Year 1070 (MLXX) was a common year starting on Friday (link will display the full calendar) of the Julian calendar, the 1070th year of the Common Era (CE) and Anno Domini (AD) designations, the 70th year of the 2nd millennium, the 70th year of the 11th century, and the 1st year of the 1070s decade.

Events 
 Spring – King Sweyn II joins the English rebels, led by Hereward (the Wake), and captures the Isle of Ely (located in The Fens) in East Anglia. Hereward sacks Peterborough Abbey in support with Sweyn's Danes.
 Harrying of the North: King William I (the Conqueror) quells rebellions in the north of England, following an invasion by Sweyn II. Widespread famine follows the devastation wrought.
 April 11 – Archbishop of Canterbury Stigand is deposed.
 June – Denmark signs a treaty with England; Sweyn II and his forces leave the country.
 August 15 – The Pavian-born Benedictine Lanfranc is appointed as the new Archbishop of Canterbury in England.
 An invasion of England by Malcolm III of Scotland is repelled.
 Hugh d'Avranches, 1st Earl of Chester, the first Marcher Lord, invades Wales, capturing parts of Gwynedd.
 A successful Byzantine counter-attack drives the Seljuq Turks across the Euphrates.
 Bergen is founded by King Olaf III of Norway; it will function as the main city and capital of Norway, until it is replaced by Oslo in 1314.

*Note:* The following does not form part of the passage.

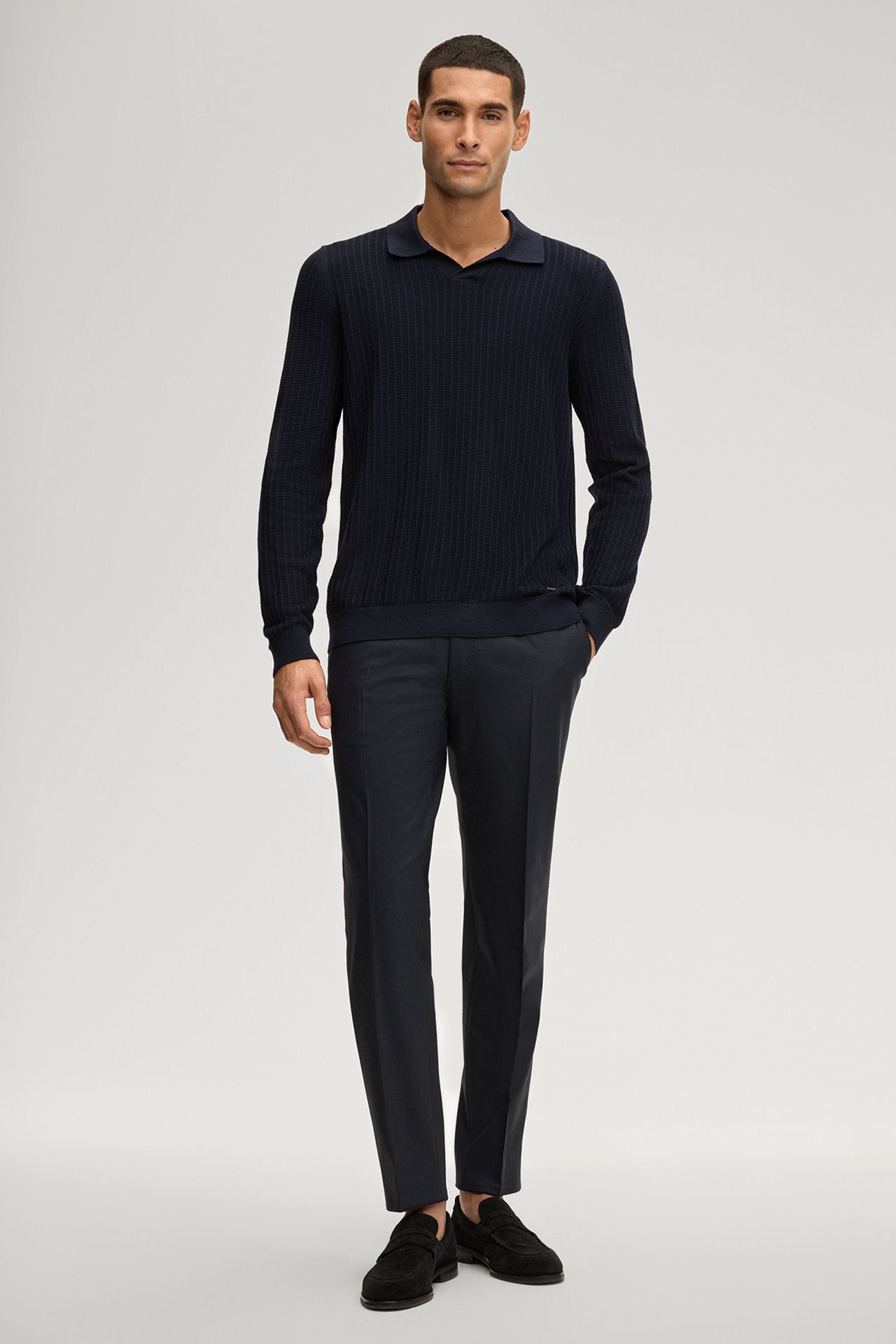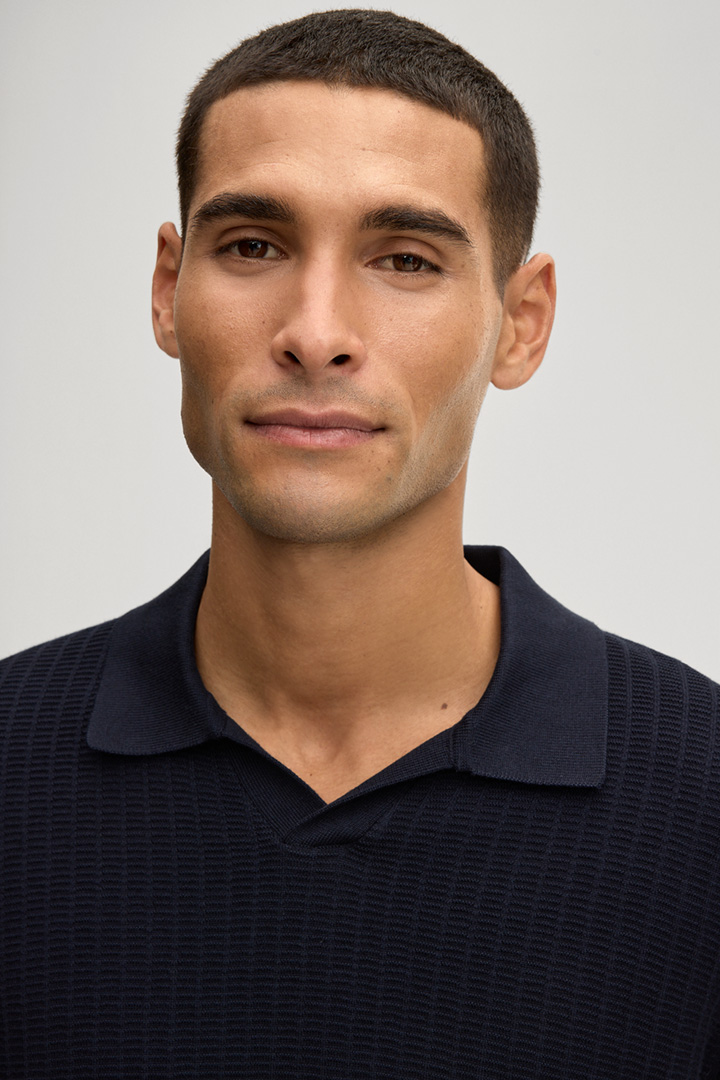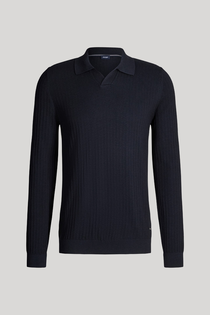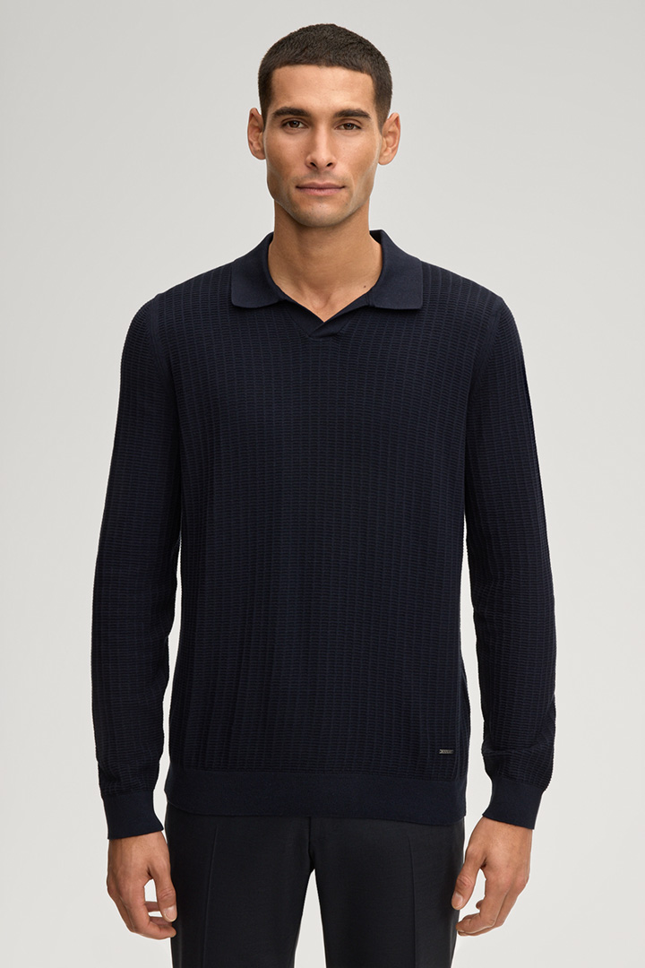 Im strukturierten Waffelstrickmuster erhält der Pullover Galdino ein stilvolles Upgrade. Akzente setzen der Polokragen und ein kurzer V-Ausschnitt, abgerundet durch klassisch lange Ärmel mit Bündchen. Die applizierte Logo-Plakette ergänzt den vielseitigen Look.

 Chinese Chancellor Wang Anshi starts the Xining Reforms (which last until 1085).
 Jews from Rouen in Normandy settle in England, at the invitation of King William I.
 The Temple of Literature, Hanoi, is established in Hanoi, capital of Vietnam.
 Uyghur poet Yusuf Khass Hajib of Balasagun, in the Kara-Khanid Khanate, completes the Kutadgu Bilig ("The Wisdom Which Brings Good Fortune"), and presents it to the prince of Kashgar.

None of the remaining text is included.